Construction LienThe assertion of a mechanic’s lien against a parcel of property has multiple negative consequences. For example, the lien creates an encumbrance against the property which must be removed or addressed before the property can be sold or refinanced. Furthermore, often times, the filing of a mechanic’s lien against the property constitutes a breach of the contractor’s contract with the property owner. An owner who discovers a lien against the property may, among other things, terminate the contractor’s contract and/or seek damages for the contractor’s breach. Moreover, due to the fact that a lien claimant has up to twelve (12) months from the date of filing of the mechanic’s lien to bring an action enforcing said mechanic’s lien, assertion of a mechanic’s lien can tie up the property for up to one (1) year without any action being taken to resolve the issues related to the subject lien.[1]

Fortunately, KRS 376.100 provides the owner and/or contractor with the ability to have any mechanic’s lien “bonded off” and the encumbrance removed.
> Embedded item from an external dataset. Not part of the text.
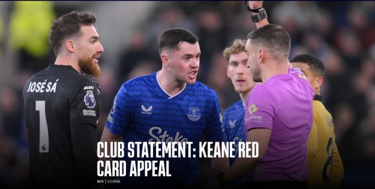 1月9日讯 埃弗顿足球俱乐部近日宣布,关于迈克尔·基恩在与狼队的英超比赛中被红牌罚下的上诉,英足总小组已作出驳回的决定。这一消息让俱乐部倍感惋惜。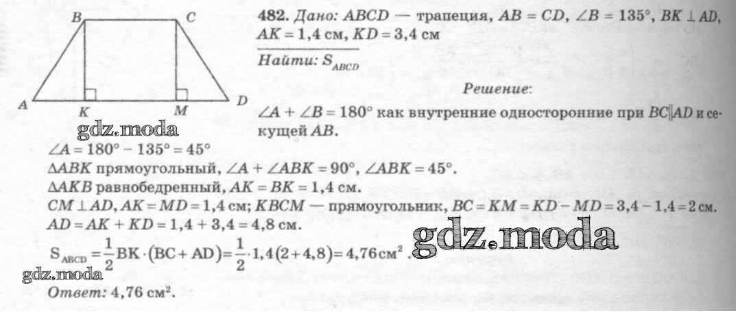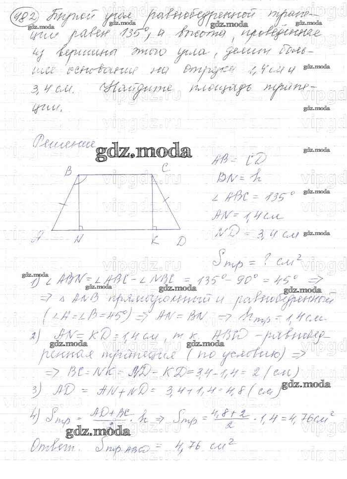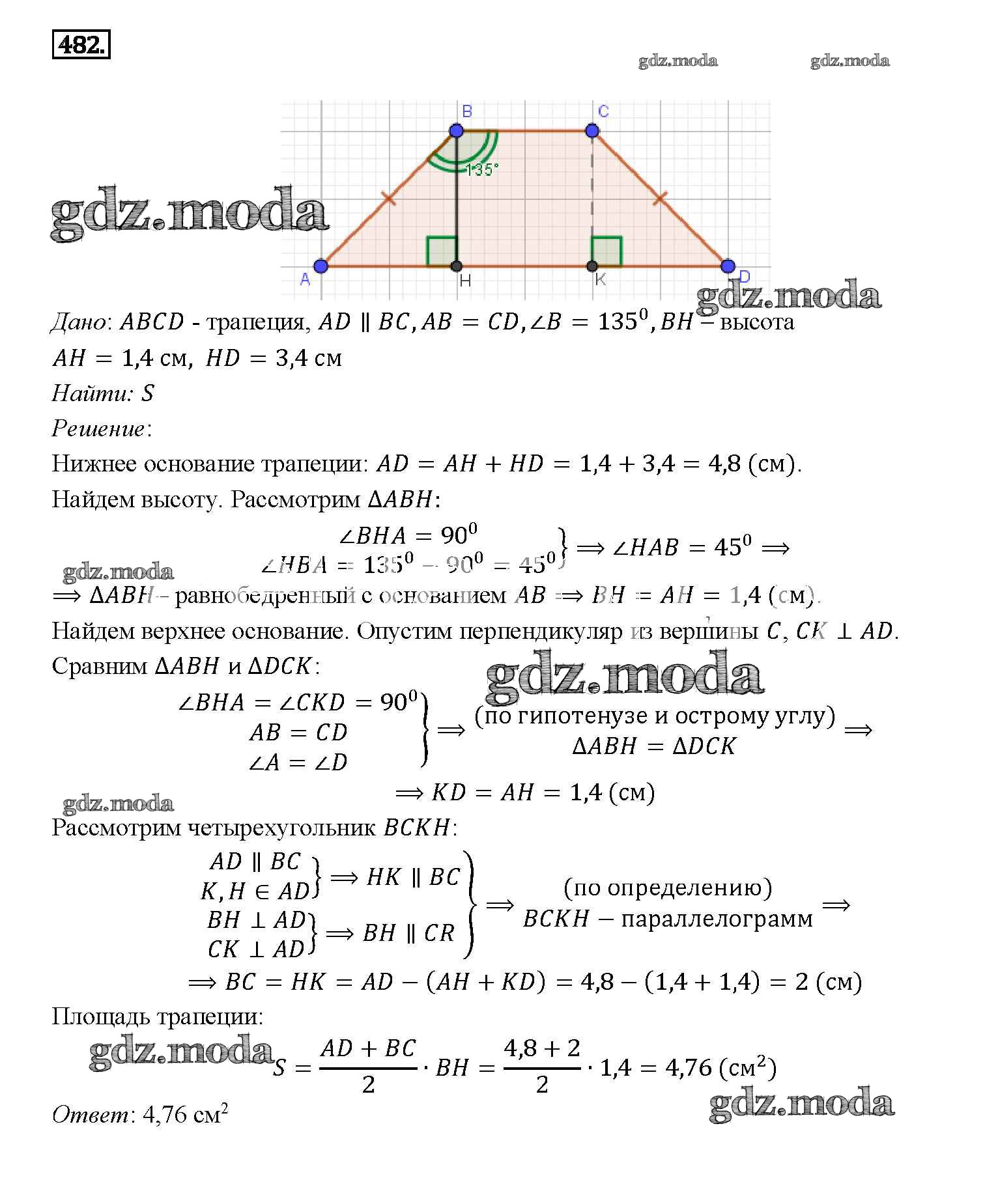 ОТВЕТ на задание № 482 Учебник по Геометрии 7-9 класс Атанасян

Specifically, at any time before a judgment is rendered enforcing the subject mechanic’s lien, the owner or contract (or other person in privity with the contractor) may execute before the county clerk in the county where the mechanic’s lien was filed a Bond for double the amount of the mechanic’s lien claimed with good sureties to be approved by the clerk.[2] The Bond shall require its obligors to satisfy any judgment that may be rendered in favor of the lien claimant.[3] Upon execution of the Bond, the mechanic’s lien is released.[4] Furthermore, in any action instituted by the lien claimant to enforce its mechanic’s lien, the lien claimant may make the obligors under the Bond parties to the action and, in so doing, any judgment recovered can be enforced against any or all of the Bond obligors.[5]

It is also important to note that the Bond is merely a substitute for the liened property.[6] The Bond transfers the mechanic’s lien from the property to the Bond.[7] The obligation of the bond does not extend beyond the obligation of the lien for which it was substituted.[8] In other words, the lien claimant has no greater rights under the Bond than it would have had against the property.[9] Moreover, in order for a Bond to be effective and enforceable by the lien claimant against the Bond obligors, the subject mechanic’s lien must be valid (i.e. properly perfected).[10] Otherwise, the lien claimant may not recover under the Bond.[11]
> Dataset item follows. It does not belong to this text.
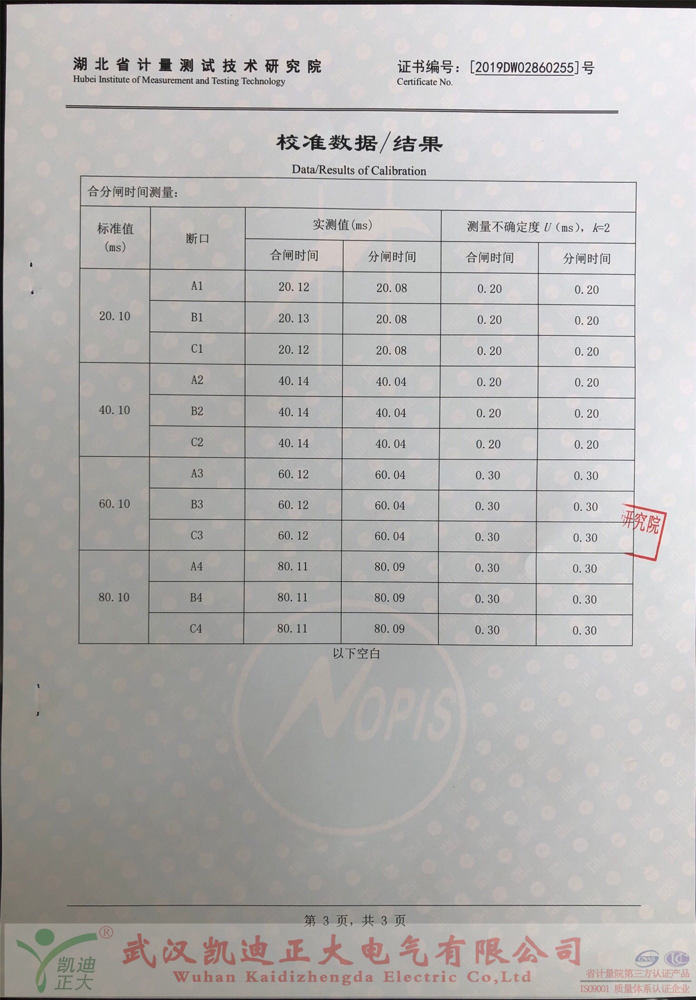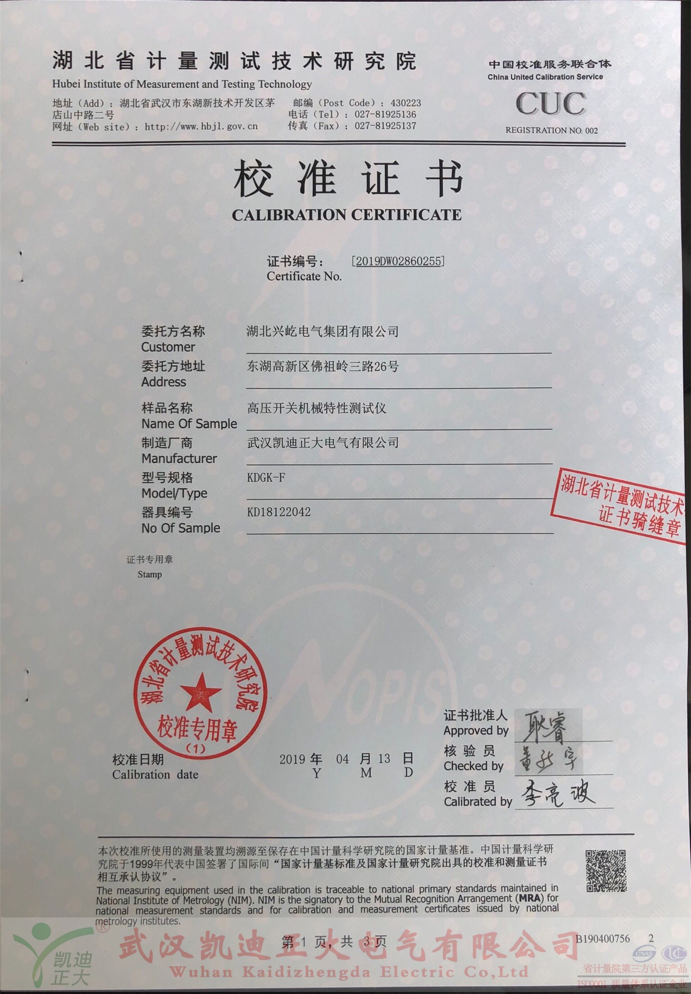 購買后便送往中國校準服務聯(lián)合體-湖北省計量測試技術(shù)研究院檢定,由省計量院出具的《校準證書》,證書編號:2019DW2860255,校準員:李亮波,檢驗員:董新宇,證書批準人:耿睿。

Bonds can be an extraordinarily helpful tool. They provide the owner and/or contractor the ability to keep the property unencumbered and, in the case of the contractor, the ability to cure a potential breach of contract with the owner (as many contracts require a contractor to keep the property free and clear of any encumbrances related to labor and/or materials being provided). Bonds further allow for the owner and/or contractor to keep the subject property from being tied up in lengthy litigation where the owner and/or contractor dispute the amount and/or validity of the mechanic’s lien. Bonds are an important means by which owners and contractors can protect their respective rights and interests in the property being improved.
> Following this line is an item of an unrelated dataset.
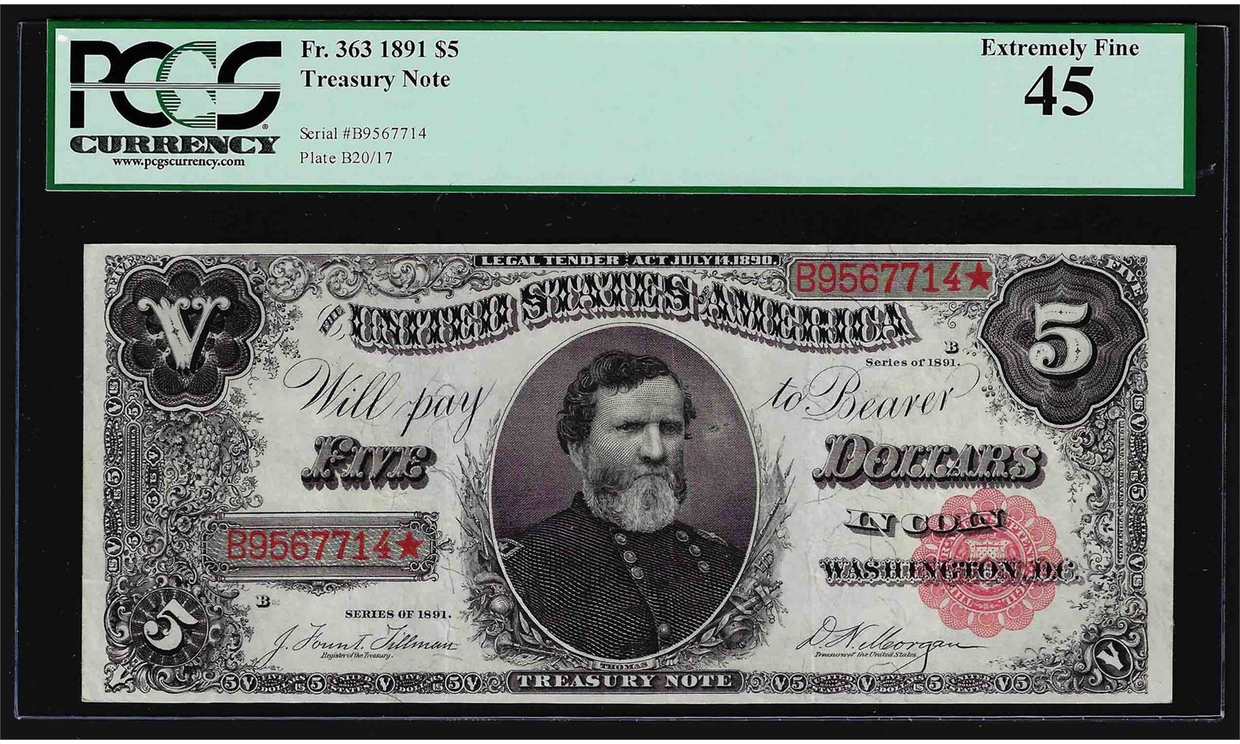 One 1891 $5 Treasury Note Fr. 363 PCGS Extremely Fine 45. PCGS Graded.

This article is intended as a summary of state and federal law and does not constitute legal advice.


[1] See KRS 376.090.

[2] See KRS 376.100.

[3] Id.

[4] Id.

[5] Id.

[6] Gil Ruehl Mechanical, Inc. v. Hartford Fire Insurance Company, Ky.App., 164 S.W.3d 512, 514 (2004).

[7] Id.

[8] Jungbert v. Marret et al., Ky., 231 S.W.2d 84, 85 (1950).

[9] Id.

[10] Id.

[11] Gil Ruehl Mechanical, Inc., 164 S.W.3d at 514.